Rome is also the most welcoming city I have ever visited. It is a small but important thing that I get asked (in Italian) for directions almost every day. I am not singled out or shunned because I look northamerican. People seem to think I belong in this city. And they don't mind so much that my Italian is broken and that I subsitute Spanish and English for anything I don't know in Italian.

It also doesn't hurt that I am tan and relaxed for the first time in ages and that I have effectively put the stress of my schoolling and career on pause for a few months.

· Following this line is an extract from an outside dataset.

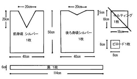 ライダースーツの作り方 1. 材料 ナイロン生地・・・シルバー 50cm×80cm キルティング生地・・・シルバーなど 18cm×18cm 綿生地・・・黒 6cm×114cm ビロード生地など・・・黄 8cm×8cm バイアステープ・・・黒 2. 型紙イメージ 3. 作り方 首ぐりをバイアステープでくるむ。 黒い布をラインの長さに切り、両脇を7mmずつ折っておく。 ラインを縫い付ける。 中心に黄色のマークを縫い付ける。 肩パットの直角2辺をバイアステープでくるむ。 前身ごろ・後ろ身ごろの肩を合わせて、縫う。 肩パットを、中表に、肩に縫い付ける。 脇を縫いあわせる。肩周りを20cm、開けておく。 肩パットを表に返し、袖ぐりを一周縫う。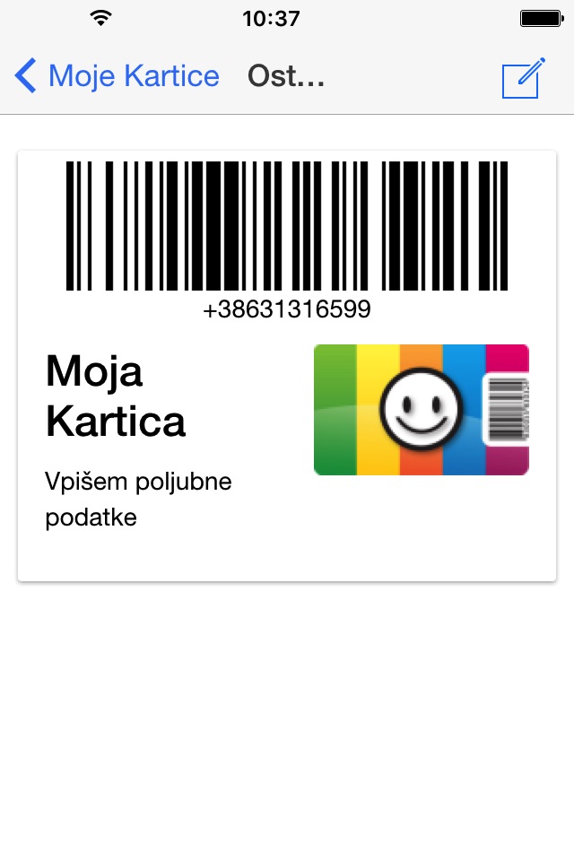 Seznam vnesenih kartic se izpiše na osnovnem zaslonu, po izbiri posamezne kartice, se prikaže črtna koda, s številko, imenom in grafičnim simbolom ponudnika.

This is the much needed vacation after an unfullfilling and emotionally draining year.

Do I miss some things from the States? Of course. Do I wish certain people could share this wondeful summer with me? Definately. And maybe this summer wouldn't be so great if I weren't returning in the middle of August.

But, right now I am content to love this city.

Monday, July 2, 2007

Milan

I travelled to Milan this weekend to visit with a friend from grad school who happened to be passing through. These are my impressions: Milan has a lot of banks, an obscene number of high fashion clothing stores, too much kissing in public, and sidewalks too small for outdoor seating.

The only other tourist we saw were in frightenly large groups (30-40+) and I've decided that I should coin a term for tourists who travel in packs. Similar to a pride of lions and a murder of crows, an annoyance of tourists are groups of foreigners numbering more than 6 who travel, often on a chartered bus, to other countries armed with cameras, fanny packs, and sun visors who can be distinguished by their inability to speak the native language, their excessive pointing at monmuments, and their strange habit of following an umbrella or flag wielding leader.

Best moment of the trip: the guy in front of me waiting to get into the big cathedral was turned away because he was wearing (ugly) shorts. In Milan, even God has good fashion sense.